You’ve heard the stories about the bakeries who won’t cater gay weddings, about conversion therapy and the pickets outside abortion clinics. To many Americans, LGBTQIA+ rights and religion are like oil and water, destined to disassociate by holy texts written in the age of Philistines and Persian kings. 

But what if we’ve gotten it all wrong? 

Since its founding in 2004, Santa Cruz interfaith organization Out in Our Faith has shepherded the common ground between God and the LGBTQIA+ community. Its two dozen member congregations range from Catholic ministries to Zen Buddhist meditation centers, that not only open their doors to people of all genders and sexualities, but embrace them. 

Santa Cruz Zen Center — Rachel Grad

Illustration by Thomas Sawano

Buddhism is guided by the Dharma. Compiled some 2,300 years ago in the foothills of the Himalaya mountains, the Dharma is a collection of sermons delivered by the Buddha, the mythical figure who, through years spent in spiritual contemplation, achieved enlightenment, or nirvana.

But over the centuries, as Buddhism travelled down the slopes of Tibet, through the plateaus of the Indian subcontinent and to the shores of China, it evolved to match each culture it encountered. Soto Zen, the brand of Buddhism practiced at the Santa Cruz Zen Center, descends from a lineage of practice imported from Japan, which in turn had been imported from China over a millennium ago. 

As Rachel Grad, a board member at the Santa Cruz Zen Center, explained, the focus of Soto Zen is on life, not life after death. Living by the Dharma is simply a path to good living, which is good enough for most Soto practitioners.

“Even as ‘waking up’ is central to the tradition, it’s about waking up to this life,” Grad said. “Intimacy with even the grit around us, rather than going to heaven or some other place or some other state of mind. […] Somewhere in there, in the very ordinariness of our everyday life, is awakening.”

And so, even though the Dharma was written centuries ago, Buddhism’s acceptance of LGBTQIA+ identity is a matter of principle.

“I’m not sure that gay pride is a Sōotoō issue,” Grad said. “But then somebody can say, ‘Well, it’s not a Soto issue, but it’s a humanitarian issue. Equal rights are a humanitarian issue.’ And humanitarian issues are definitely Soto issues.”

Temple Beth El — Rabbi Paula Marcus

Illustration by Thomas Sawano

Should there be a Jewish state? Is electricity fire? Should a decadent city with five innocents be blown up? 

To Paula Marcus, the senior rabbi at Temple Beth El in Aptos, it’s Judaism’s culture of debate, interpretation and reinterpretation that creates space for LGBTQIA+ acceptance, in spite of Hebrew Bible passages that seem to explicitly denounce male homosexuality. 

Marcus is fond of one passage in particular, in the book of Genesis, that lays out what she sees as an argument for universal human acceptance.
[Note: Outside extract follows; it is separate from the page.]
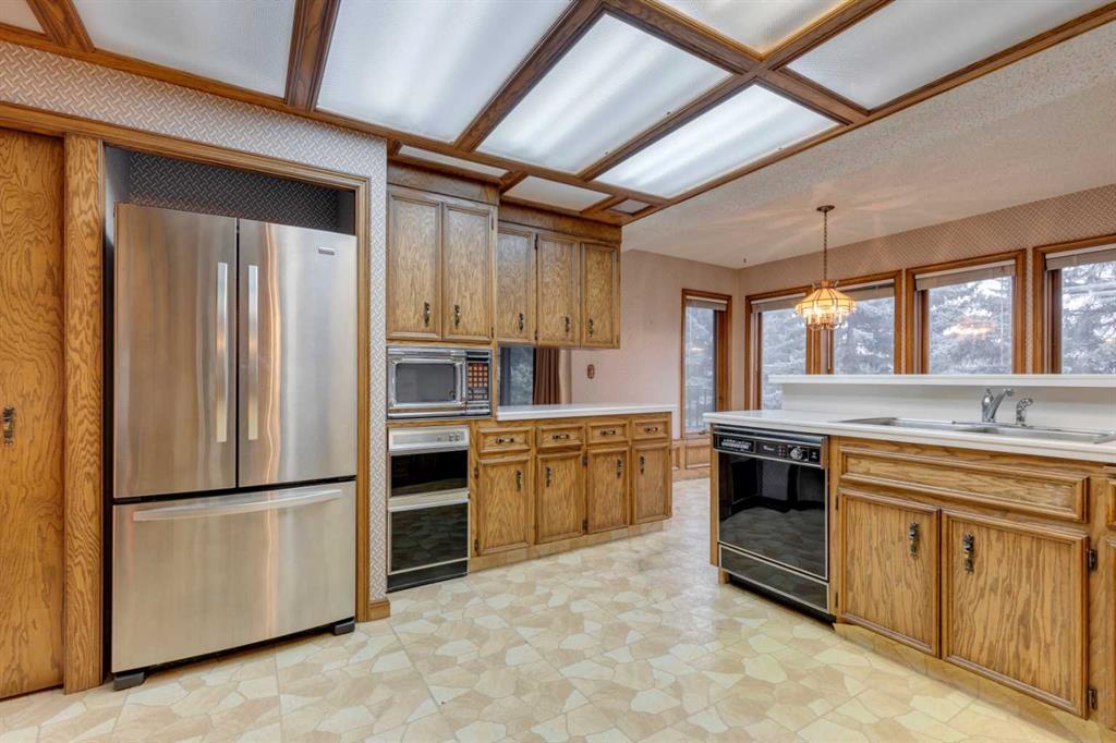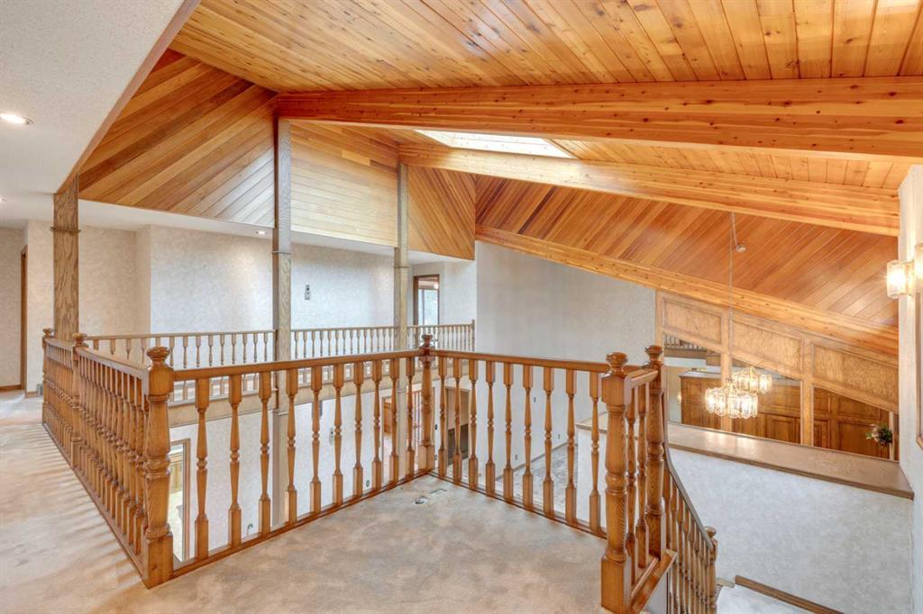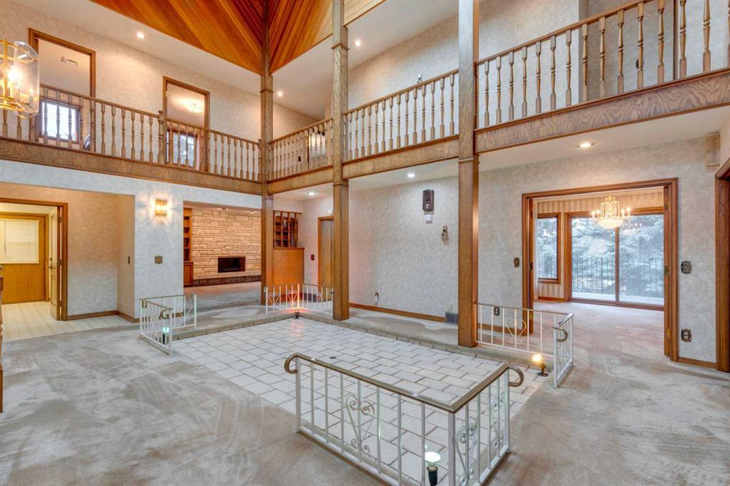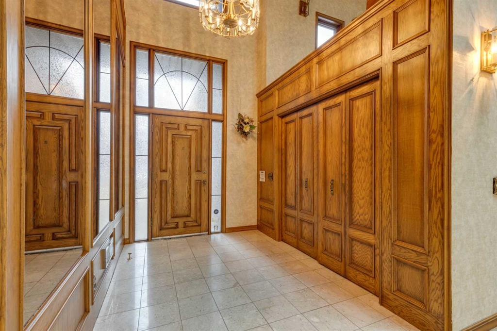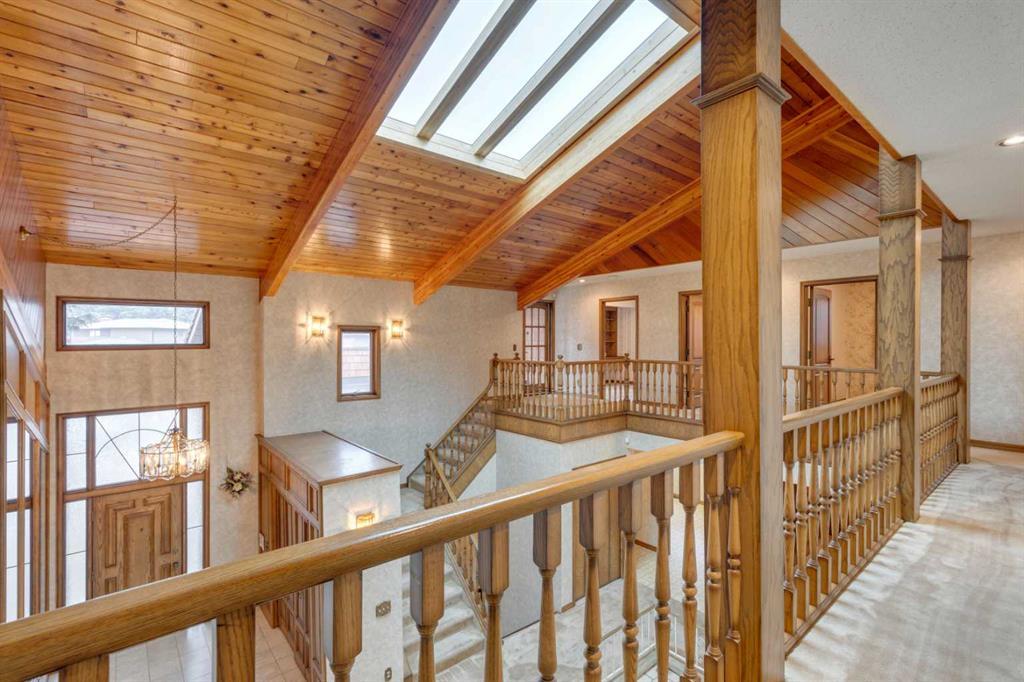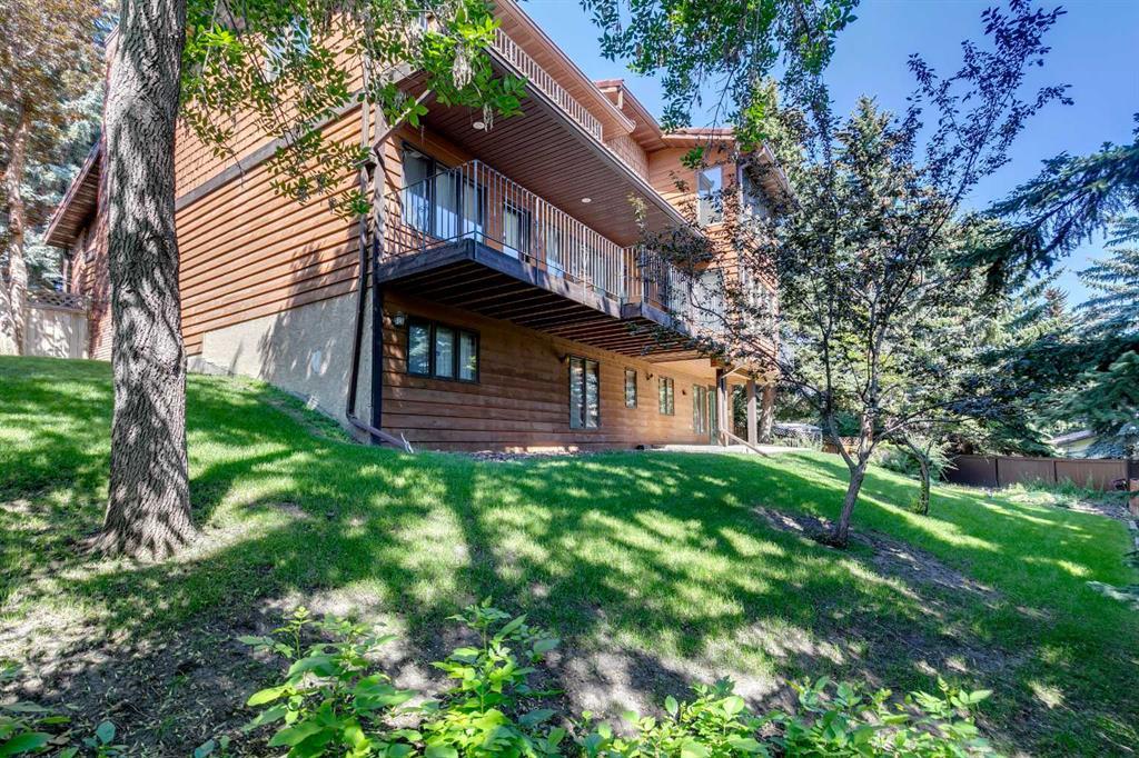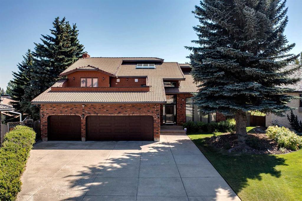 Located on a quiet cul-de-sac in the exclusive community of Coach Manor Estates, this custom built home is being offered for sale for the first time! Situated on an oversized pie shaped lot, and with over 5,400 sq ft of living space, this 5 bedroom, 3.5 bathroom home is ideal for growing and multigenerational families. Well built with wood plank ceilings, solid oak doors, solid wood bannisters, railings and built-in's through out. The grand foyer is the heart of the house, featuring soaring beamed ceilings, dedicated plant area with tile floor and skylights. The main level of this home is perfect for entertaining and family living. The sunken living room with wood burning fireplace makes for a great sitting room while the family room on the other side of the house provides a great space for family with a 2nd wood burning fireplace, built-in book shelves, it's own balcony and access to the kitchen and breakfast nook. There is a formal dining room with deck and kitchen access; it features a beautiful chandelier and French doors. Also on this level is a home office with built in shelves and credenza, a 2 pc bath and large laundry room. On the second level you will find the master suite with vaulted ceilings, walk-in closet, 4 pc ensuite and private balcony. Perfectly designed for family, the 3 additional bedrooms are uniform in size, 2 with balcony access. A 5 pc bath and huge study complete this level. The walk-out basement features a huge rec room with wood burning fireplace. The addition of a 5th bedroom, 3 pc bath, summer kitchen and den make this an ideal space for a live-in nanny or extended family! There is a sauna off the bathroom and 3 storage spaces. There is no lack of out door living space with 4 east facing balconies, a roof top patio over the garage and a covered patio off the rec room. The attached triple garage and large driveway ensure enough parking for everyone! Close to schools, shopping, golf and nature trails. Easy access to transit, walking paths and all amenities. Only 20 minutes to Downtown and 15 minutes to Winsport! (id:22211)

As she explains, after God formed the world and breathed life into the first man Adam, God realized the creation of Adam alone was not good. 

“After each act of creation, God says, ‘It was good,’” Marcus said. “This is the first time it said ‘not good.’ It’s not good for a person to be alone.” 

General principles like these take precedence in Marcus’s brand of Judaism. Beth El is a reform synagogue — one of a large group of Jewish temples across the globe that emphasizes the ethical teachings of the Hebrew Bible, rather than its specificceremonial tenets. In the reform view, the principles of Judaism are constant, but what they entail, and what specific actions are considered right or wrong, should change over time. 

“Human society evolves, and the Torah is always open for interpretation,” Marcus said. “How many people are stoning their children? How many people are sacrificing animals? […] You can’t just pick and choose which things you want to observe literally or promote literally, and what things to not.”

Peace United Church of Christ — Reverend Damien Lake

Photo by Maria Cordova

If you went to Santa Cruz Pride this past June, you might have seen large groups of people wearing shirts emblazoned, “God Loves Her Queer Children.”

These were members of Peace United Church of Christ, which, since its establishment two decades ago, has made LGBTQIA+ acceptance among its top priorities. 

So where is the bridge between belief and activism? Reverend Damien Lake, the interim minister at Peace United, said that beyond simply admitting worshippers of all genders and sexualities, his congregation has a duty to broadcast its acceptance of LGBTQIA+ identity to the world.

“When we fall into the judgment seat, it prevents us from really seeing life the way that Jesus saw it,” Lake said. “We still see so many faith traditions that continue to condemn people in the LGBT community. […] We are not like the others, we are not here to judge you, we’re not here to call you out as a sinner. We’re here to love you and accept you.”